– Господин Хаак, как вы относитесь к пейзажным офортам Рембрандта?
– Некоторые искусствоведы различают пейзажи, наблюдения повседневной жизни и исторические сюжеты более позднего времени. Говорят, что Сегерс и ван Гойен оказали большое влияние на пейзажи Рембрандта. Разумеется, все как-то учатся друг у друга. Увлечение работами Сегерса было. Но Рембрандт не сделался его двойником. Он шел своей дорогой. Если говорить о пригородах Амстердама, где часто на прогулках рисовал Рембрандт, об их отображении в его работах, то это было верное отображение. Если кто-нибудь так же верно отражал тот же пейзаж – это не значит, что один копировал другого. В Нидерландах той эпохи увлечение пейзажем в графике и живописи было явлением частым, я бы сказал, по-своему закономерным. Но есть одна знаменитая работа Рембрандта, на которой пейзаж придуман…
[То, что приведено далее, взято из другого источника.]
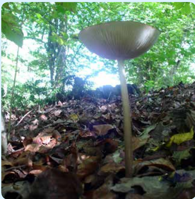
شکل ۱۵ - Oudemansiella radicata

– Вы имеете в виду «Три дерева»?
– Да, конечно. Это единственное, так сказать, придуманное произведение Рембрандта-графика. Но оно гениально. Если посмотреть поэтическим глазом, то можно сказать, что в этом пейзаже художник, скорее всего, выразил то, что чувствовал душою, сердцем, а не видел глазом…
Вот мнение о Рембрандте известного французского теоретика искусств и художественного критика Роже де Пиля, высказанное им в 1699 году:
«Он обладал чудесной способностью отражать видимый мир…»
Ван Рейны в Лейдене получили еще одну дурную весть: Саския родила девочку, но она, как и предыдущий ребенок, погибла от непонятной болезни.
Адриан колебался: сообщить об этом матери или же скрыть от нее это известие, ибо держалась мать, что называется, на волоске.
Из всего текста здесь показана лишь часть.